What the task asks
Print the entries exactly; no image belongs in the copy.

Entries provided
********************
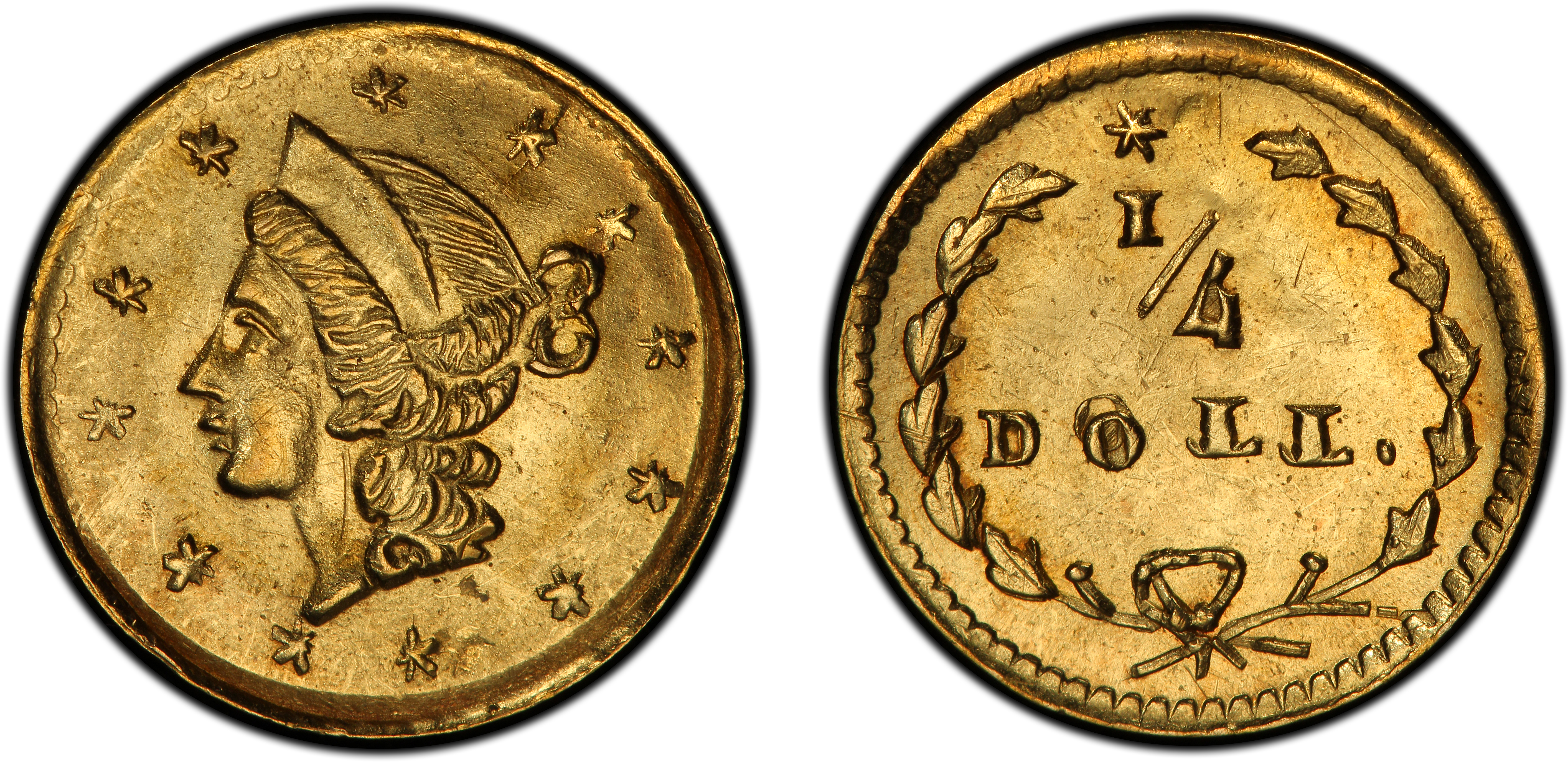 Obverse Inscription Reverse DescriptionThe reverse is dominated by a simple wreath composed of two branches tied by a bow at the bottom. Inside the wreath, the denomination is expressed as '1/4 DOLLAR'. A key diagnostic for this variety is a clearly double-punched 'O' in 'DOLLAR'. The legend CALIFORNIA GOLD often appears around the periphery, though its presence and clarity can vary based on strike quality.
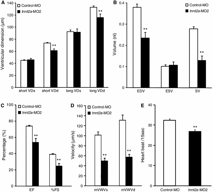 Impairment of diastolic distensibility and ventricular wall velocities during systole and diastole in zebrafish by knockdown of tnnt2a. In the control group, zebrafish were injected with control MO (1 μM) and Lis-MO (50 μM). In the tnnt2a knockdown group, zebrafish were injected with tnnt2a-MO2 (1 μM) and Lis-MO (50 μM). We selected zebrafish embryos, which showed FI values between 2 and 5 in the control group at 60 h post-fertilization (hpf), and compared them with tnnt2a morphants with blood congestion and FI values from 2 to 5 in the tnnt2a knockdown group at 60 hpf. a–d Cardiac parameters were measured from M-mode images of ventricles in groups of zebrafish injected with either control-MO or tnnt2a-MO2 at 60 hpf: a The ventricular end systolic dimension (VDs) and the ventricular end diastolic dimension (VDd) of both short and long axes; b the end diastolic volume (EDV) and end systolic volume (ESV) and stroke volume (SV); c ejection fraction (EF) and fractional shortening (%FS); and d mVWVs and mVWVd. Values are mean ± SE (control-MO, n = 24; tnnt2a-MO2, n = 10). Statistical analysis was performed to examine significant differences from the mean control values (**p < 0.01, *p < 0.05, Student’s t test)
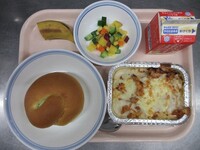 先日食材調達の都合で出せなかった国産のバナナを、今日提供することができました。3年生に食べてもらえなかったのは残念でしたが、給食でのバナナがめずらしかったのか、1,2年生がおいしそうに食べてくれていたので、提供できてよかったです。
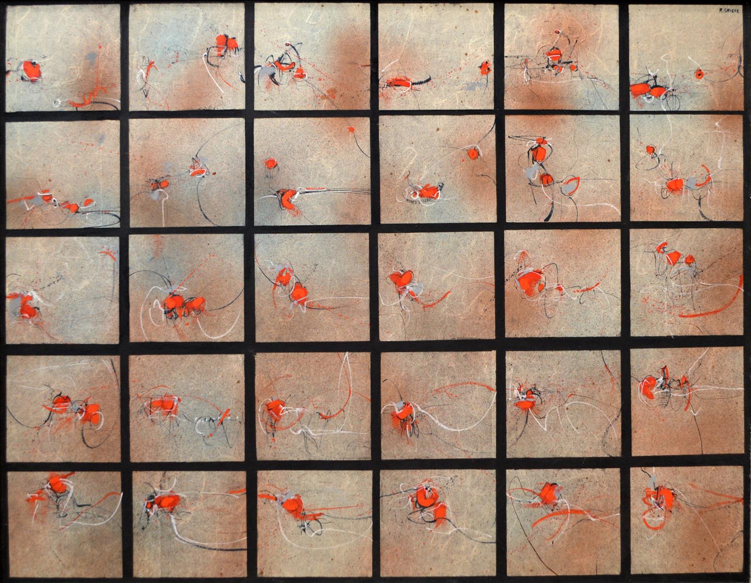 ROBERT GRIEVE, UNTITLED, MIXED MEDIA ON PAPER ON BOARD, SIGNED UPPER RIGHT, TITLED VERSO, 99 X 121CM, FRAME SIZE: 103 X 126CM, CONDITION: BROWN SPOTS OF STAINING AND FOXING SEEN THROUGHOUT, IMPERFECTIONS TO THE SURFACE, PEN MARKS UPPER RIGHT AREA WHICH DO NOT APPEAR TO BE BY THE HAND OF THE ARTIST, LEONARD JOEL DELIVERY SIZE: LARGE
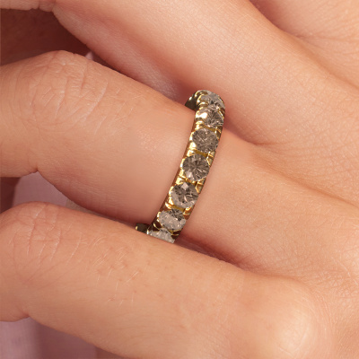 Cette bague superposable porte le nom Jackie 3.4 et le type de bague s'appelle une bague éternité. Par conséquent, toutes les pierres précieuses sont serties autour de l'anneau de la bague. Cette bague superposable forgée en or jaune 14 Carat a tout autour des petits diamants bruns de 2.700 crt. Cette bague éternité pour femmes forgée en or jaune est une jolie bague superposable qui rendra votre demande en mariage très spéciale. Les diamants bruns brillants sont tous d'identique et sont sertis autour de la bague superposable. Tous les diamants bruns sont soigneusement sélectionnés, précisément parce qu'ils doivent être aussi identiques que possible pour créer le meilleur résultat possible sur cette bague. Ce sont des produits de la nature, de sorte qu'il existe encore des différences minimes entre chaque pierre. Mais comme tous nos diamants bruns sont placés à la main avec beaucoup de précision par notre orfèvre, l'effet éternité peut être renforcé. Cela demande beaucoup de patience et une main habile, mais fabriquer la bague parfaite pour femmes est une passion qui anime nos orfèvres. Le résultat est une bague magnifique dans laquelle la rangée de diamants bruns semble continuer sans fin. Le symbole de votre amour infini pour elle ! Magnifique n'est-ce pas ? En combinant les dernières techniques modernes, associées à une fabrication ancienne, nous sommes en mesure de fabriquer nos bagues dans notre propre studio. Chaque bijou est fabriqué sur commande. Ceci est avantageux car nous sommes en mesure de vous proposer un prix que vous ne trouverez nulle part ailleurs.Nos designers talentueux ajoutent quotidiennement de nouveaux modèles à notre collection en ligne. Ensemble, ils créent une collection variée des plus beaux bijoux. Si vous préférez créer des bagues selon votre propre conception, n'hésitez pas à demander un devis. Nous vous ferons une offre incroyable, basée sur la qualité et le prix.Pour vous faciliter la tâche, vous pouvez facilement nous retourner tout bijou commandé dans les 30 jours suivant la livraison.
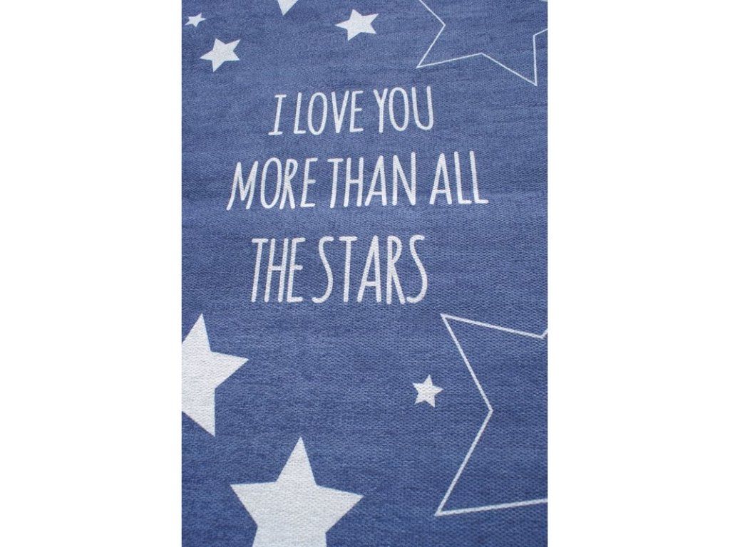 Moderní a kvalitní dětský kusový koberec v růžové nebo stříbrně-šedé barvě s hvězdami a anglickým textem vyjadřující lásku je jako stvořen do holčičího a dívčího pokoje. Díky použitým pastelovým barvám je možné tento koberec umístit do každého dětského pokoje, který tak zútulní, oživí a bude vašim dětem neustále připomínat vaši lásku k nim. Tento vysoce kvalitní koberec odpovídá současným trendům v oblasti zařizování dětských pokojů a je velice snadno kombinovatelný s ostatním vybavením moderního dětského interiéru. Růžový nebo stříbrně-šedý koberec s hvězdami se zajisté stane nejoblíbenějším místem ke hře na podlaze, zajistí potřebný komfort i při krátkém odpočinku a povalování na podlaze, je příjemný na dotek, snadno se udržuje, čímž je tedy i velice praktický.
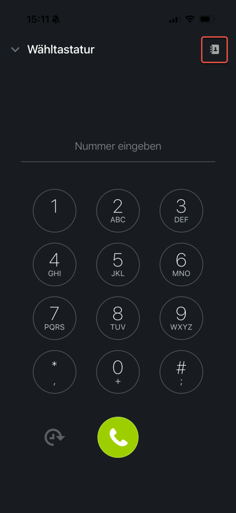 Wahltastatur: Die Option ist nützlich, wenn Sie einen Kunden oder Partner telefonisch erreichen möchten. Tippen Sie auf das Symbol
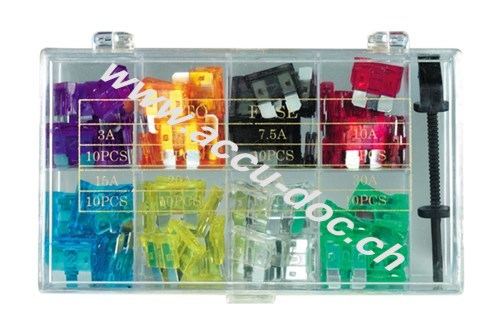 je 10 Stück: 3 A (violett), 5 A (orange), 7,5 A (grau), 10 A (rot), 15 A (blau), 20 A (gelb), 25 A (klar) und 30 A (grün)
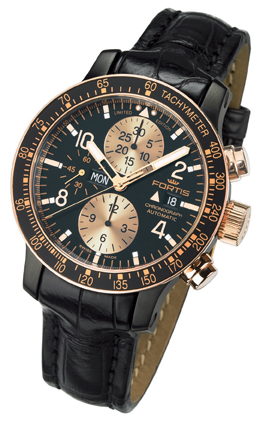 Koperta pokryta czarną powłoką i ozdobiona elementami z różowego złota – to znaki rozpoznawcze nowego modelu Stratoliner firmy Fortis. Dostępny jest w limitowanej serii 100 egzemplarzy w cenie 5920 euro (pasek ze skóry cielęcej; za pasek ze skóry krokodyla należy dopłacić 500 euro). Tym, którzy chcieliby otrzymać wersję mniej ekskluzywną, firma proponuje model w stalowej kopercie pokrytej czarną powłoką (seria limitowana do 2012 egzemplarzy).
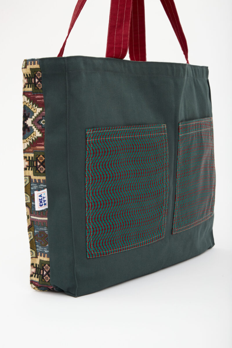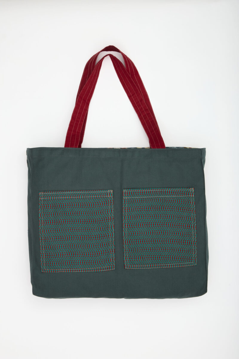 Pensé pour les grandes journées, les virées au marché ou les week-ends improvisés, notre grand tote bag (57 × 49 × 10 cm) allie praticité XXL et éthique affirmée. Fabriqué à la main à partir de textiles revalorisés, il incarne un mode de vie engagé et créatif.
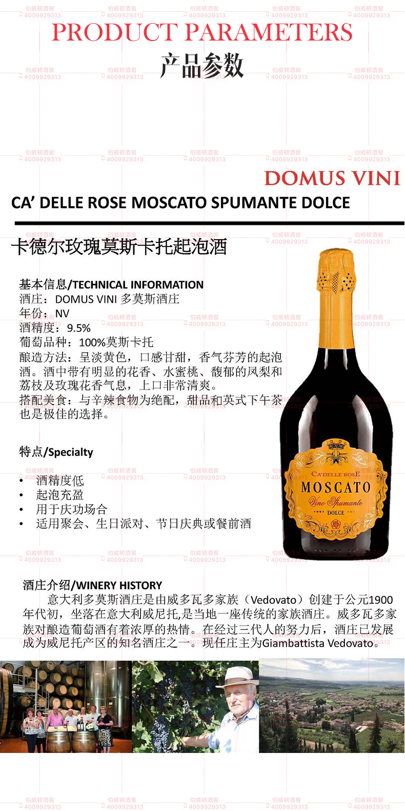 • 酒庄名称:CA DELLE ROSE MOSCATO SPUMANTE DOLCE
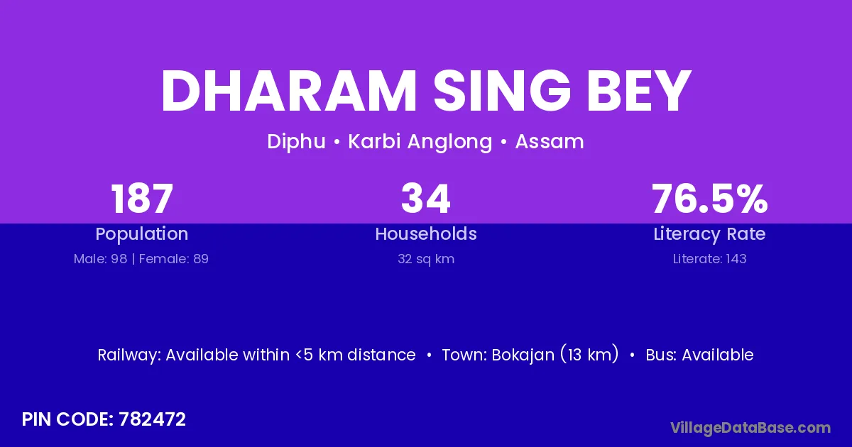 Bokajan (13 km) is the nearest town to Dharam Sing Bey village for major economic activities and is located approximately 13 km away.
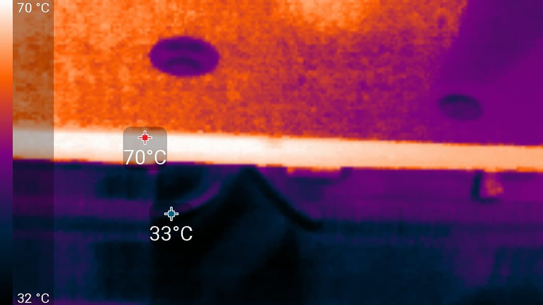В режиме Silent Mode температура достигала 71 °C. Вентиляторы при этом раскручивались до 1880 оборотов в минуту, шум вырастал до 35,5 дБА: это уже не так громко, но все равно отчетливо слышно.
********************
Response to the exercise
 Obverse Inscription Reverse DescriptionThe reverse is dominated by a simple wreath composed of two branches tied by a bow at the bottom. Inside the wreath, the denomination is expressed as '1/4 DOLLAR'. A key diagnostic for this variety is a clearly double-punched 'O' in 'DOLLAR'. The legend CALIFORNIA GOLD often appears around the periphery, though its presence and clarity can vary based on strike quality.
 Impairment of diastolic distensibility and ventricular wall velocities during systole and diastole in zebrafish by knockdown of tnnt2a. In the control group, zebrafish were injected with control MO (1 μM) and Lis-MO (50 μM). In the tnnt2a knockdown group, zebrafish were injected with tnnt2a-MO2 (1 μM) and Lis-MO (50 μM). We selected zebrafish embryos, which showed FI values between 2 and 5 in the control group at 60 h post-fertilization (hpf), and compared them with tnnt2a morphants with blood congestion and FI values from 2 to 5 in the tnnt2a knockdown group at 60 hpf. a–d Cardiac parameters were measured from M-mode images of ventricles in groups of zebrafish injected with either control-MO or tnnt2a-MO2 at 60 hpf: a The ventricular end systolic dimension (VDs) and the ventricular end diastolic dimension (VDd) of both short and long axes; b the end diastolic volume (EDV) and end systolic volume (ESV) and stroke volume (SV); c ejection fraction (EF) and fractional shortening (%FS); and d mVWVs and mVWVd. Values are mean ± SE (control-MO, n = 24; tnnt2a-MO2, n = 10). Statistical analysis was performed to examine significant differences from the mean control values (**p < 0.01, *p < 0.05, Student’s t test)
 先日食材調達の都合で出せなかった国産のバナナを、今日提供することができました。3年生に食べてもらえなかったのは残念でしたが、給食でのバナナがめずらしかったのか、1,2年生がおいしそうに食べてくれていたので、提供できてよかったです。
 ROBERT GRIEVE, UNTITLED, MIXED MEDIA ON PAPER ON BOARD, SIGNED UPPER RIGHT, TITLED VERSO, 99 X 121CM, FRAME SIZE: 103 X 126CM, CONDITION: BROWN SPOTS OF STAINING AND FOXING SEEN THROUGHOUT, IMPERFECTIONS TO THE SURFACE, PEN MARKS UPPER RIGHT AREA WHICH DO NOT APPEAR TO BE BY THE HAND OF THE ARTIST, LEONARD JOEL DELIVERY SIZE: LARGE
 Cette bague superposable porte le nom Jackie 3.4 et le type de bague s'appelle une bague éternité. Par conséquent, toutes les pierres précieuses sont serties autour de l'anneau de la bague. Cette bague superposable forgée en or jaune 14 Carat a tout autour des petits diamants bruns de 2.700 crt. Cette bague éternité pour femmes forgée en or jaune est une jolie bague superposable qui rendra votre demande en mariage très spéciale. Les diamants bruns brillants sont tous d'identique et sont sertis autour de la bague superposable. Tous les diamants bruns sont soigneusement sélectionnés, précisément parce qu'ils doivent être aussi identiques que possible pour créer le meilleur résultat possible sur cette bague. Ce sont des produits de la nature, de sorte qu'il existe encore des différences minimes entre chaque pierre. Mais comme tous nos diamants bruns sont placés à la main avec beaucoup de précision par notre orfèvre, l'effet éternité peut être renforcé. Cela demande beaucoup de patience et une main habile, mais fabriquer la bague parfaite pour femmes est une passion qui anime nos orfèvres. Le résultat est une bague magnifique dans laquelle la rangée de diamants bruns semble continuer sans fin. Le symbole de votre amour infini pour elle ! Magnifique n'est-ce pas ? En combinant les dernières techniques modernes, associées à une fabrication ancienne, nous sommes en mesure de fabriquer nos bagues dans notre propre studio. Chaque bijou est fabriqué sur commande. Ceci est avantageux car nous sommes en mesure de vous proposer un prix que vous ne trouverez nulle part ailleurs.Nos designers talentueux ajoutent quotidiennement de nouveaux modèles à notre collection en ligne. Ensemble, ils créent une collection variée des plus beaux bijoux. Si vous préférez créer des bagues selon votre propre conception, n'hésitez pas à demander un devis. Nous vous ferons une offre incroyable, basée sur la qualité et le prix.Pour vous faciliter la tâche, vous pouvez facilement nous retourner tout bijou commandé dans les 30 jours suivant la livraison.
 Moderní a kvalitní dětský kusový koberec v růžové nebo stříbrně-šedé barvě s hvězdami a anglickým textem vyjadřující lásku je jako stvořen do holčičího a dívčího pokoje. Díky použitým pastelovým barvám je možné tento koberec umístit do každého dětského pokoje, který tak zútulní, oživí a bude vašim dětem neustále připomínat vaši lásku k nim. Tento vysoce kvalitní koberec odpovídá současným trendům v oblasti zařizování dětských pokojů a je velice snadno kombinovatelný s ostatním vybavením moderního dětského interiéru. Růžový nebo stříbrně-šedý koberec s hvězdami se zajisté stane nejoblíbenějším místem ke hře na podlaze, zajistí potřebný komfort i při krátkém odpočinku a povalování na podlaze, je příjemný na dotek, snadno se udržuje, čímž je tedy i velice praktický.
 Wahltastatur: Die Option ist nützlich, wenn Sie einen Kunden oder Partner telefonisch erreichen möchten. Tippen Sie auf das Symbol
 je 10 Stück: 3 A (violett), 5 A (orange), 7,5 A (grau), 10 A (rot), 15 A (blau), 20 A (gelb), 25 A (klar) und 30 A (grün)
 Koperta pokryta czarną powłoką i ozdobiona elementami z różowego złota – to znaki rozpoznawcze nowego modelu Stratoliner firmy Fortis. Dostępny jest w limitowanej serii 100 egzemplarzy w cenie 5920 euro (pasek ze skóry cielęcej; za pasek ze skóry krokodyla należy dopłacić 500 euro). Tym, którzy chcieliby otrzymać wersję mniej ekskluzywną, firma proponuje model w stalowej kopercie pokrytej czarną powłoką (seria limitowana do 2012 egzemplarzy).
 Pensé pour les grandes journées, les virées au marché ou les week-ends improvisés, notre grand tote bag (57 × 49 × 10 cm) allie praticité XXL et éthique affirmée. Fabriqué à la main à partir de textiles revalorisés, il incarne un mode de vie engagé et créatif.
 • 酒庄名称:CA DELLE ROSE MOSCATO SPUMANTE DOLCE
 Bokajan (13 km) is the nearest town to Dharam Sing Bey village for major economic activities and is located approximately 13 km away.
В режиме Silent Mode температура достигала 71 °C. Вентиляторы при этом раскручивались до 1880 оборотов в минуту, шум вырастал до 35,5 дБА: это уже не так громко, но все равно отчетливо слышно.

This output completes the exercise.